Although organizations face a wide variety of cyber security issues today, phishing surprisingly remains a popular attack vector. Over the course of Q2 2019, Kaspersky’s anti-phishing tool alone raised nearly 44 million red flags.
These constant attacks have a real impact. The FBI’s 2018 Internet Crime Report showed that phishing and other email account compromise attacks costed US businesses some $1.2 billion, with phishing accounting for over $48 million.
The rising volume and sophistication of phishing attacks and identity theft attempts is particularly concerning for larger companies, where every employee and their technology represents a potential weak link that threatens the whole network. However, cyber security firms have not sat idly by while hackers and attackers get smarter. The industry has evolved too.
Today’s security experts recommend turning to the following three tactics to help companies prevent attacks.
Training Has Become a Priority
Perhaps the biggest vulnerability when it comes to phishing attacks is users themselves. Even with the best technology and standards in place, a careless user, or even one that simply doesn’t recognize an attack, an cause chaos.
One 2017 study found that 66% of malware is installed via malicious email attachments, while 93% of all social attacks were phishing related. Many of these incidents stem not from faulty security, but from users who simply don’t know to recognize the signs of a potential phishing attack. Training employees is a good way to mitigate these instances and can help inform every user about well-known techniques and red flags to look for. This doesn’t always refer to simply having a course taught once a year, although that certainly helps.
Today, training tools offer more customized systems that can constantly test users and adapt to their level of sophistication. Hoxhunt, for one, offers tailor-made training programs that incrementally educate users and add complexity to tests to continuously improve their ability to react. By testing your team with simulated phishing messages, it exposes people to the different phishing tactics they are likely to encounter, and tailoring training to help them spot and avoid them, Hoxhunt’s gamified training can make a significant dent in the number of successful attacks a company faces.
While education is not the silver bullet to stop phishing attacks, it does significantly reduce the number of attacks that succeed, and it can help fill in the gaps where tech-based protection falls short.
Machine Learning and AI Deployed Proactively
Machine learning and artificial intelligence (AI) have become mainstays in the tech industry, and the cyber security sector has capitalized on the technologies.

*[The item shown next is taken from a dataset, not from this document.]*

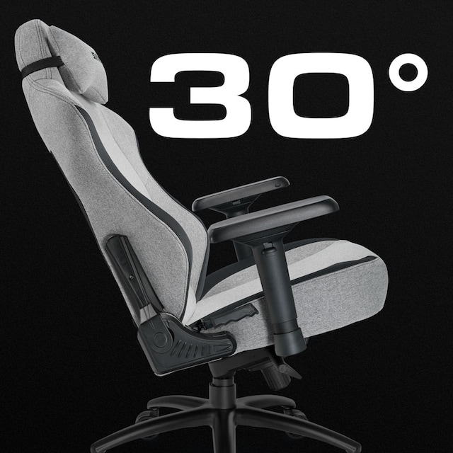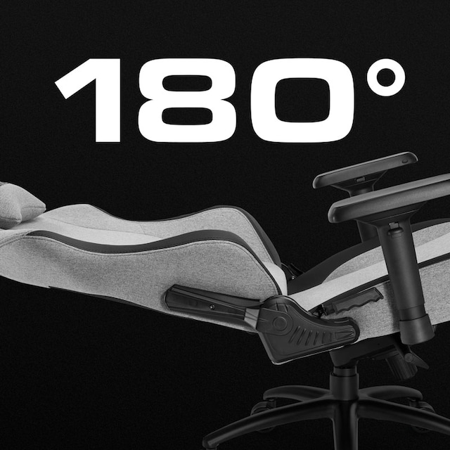 Den nye gamingstolen har en trinnløs ryggstøtte; Velg din ideelle ryggstilling og lås ryggstøtten på plass. Hvis du har uflaks og må stå over en runde, kan stolen vippes 180 grader for en lur. Lad batteriene og vær klar til å knuse konkurrentene i neste runde.

When it comes to phishing attacks, this is undoubtedly a boon, as the volume of attempts and vulnerabilities continues to expand.
A study by security firm GreatHorn found that between 2018 and 2019 there has been a 25% increase in the number of phishing attacks that evade standard security defenses, and over half of the companies it surveyed reported seeing threats at least weekly. With the number of attempts on the rise, it’s difficult for humans to keep track of and identify new attacks as they emerge. Especially as hackers also increase their sophistication levels to perform more dangerous phishing attacks, security tools require fast thinking and reaction times that are measured in milliseconds, not minutes.
Machine learning is nothing new for the sector, as Gmail’s spam filter proves. The company’s system delays delivery of roughly 0.05% of all email traffic to scan for phishing attempts, with a success rate of 99.9% of spam blocked. However, for companies without the massive resources of Google, AI still offers a great way to quickly and more effectively scan incoming emails and communications.
By scanning and learning about new vulnerabilities as it monitors communications, machine learning and AI powered cybersecurity can always be on top of new attack vectors and recognize red flags more quickly than the human eye can.
Improving Access Control
Some innovations don’t have to recreate the wheel to make an impact. Indeed, one of the most useful tools organizations and cyber security firms have found is one of the simplest better and more enforced implementation of two-factor authentication (2FA).
The goal with many cases of phishing is to start by discovering a user’s access credentials through a fake site masquerading as a legitimate one. When users input their password, it’s immediately stolen. However, 2FA can significantly reduce this risk by requiring an added layer of security that isn’t tied to user passwords. In many cases, a second-layer credential can be a code sent via SMS or encrypted messaging to users who can input it into their login screen.
These types of 2FA can be bypassed, though they remain a valuable tool. On the other hand, many companies (such as Google, for instance), use physical security keys that generate randomized codes that can’t be easily cracked.
While a return to physical security sounds sub-optimal for many companies, it also offers a more fool-proof security measure. Token and random key generators are relatively easy to implement, and they have the added benefit of not requiring passwords to be transmitted over vulnerable communications before they’re used for logins.
A Constant Battle
Regardless of the innovation cyber security firms make, the battle against phishing is constantly being waged. Hackers continue to evolve their tactics to bypass even the most advanced tools, but the industry has not sad idly by. Instead, the technology and methods we use to protect our businesses against phishing continue to improve as well.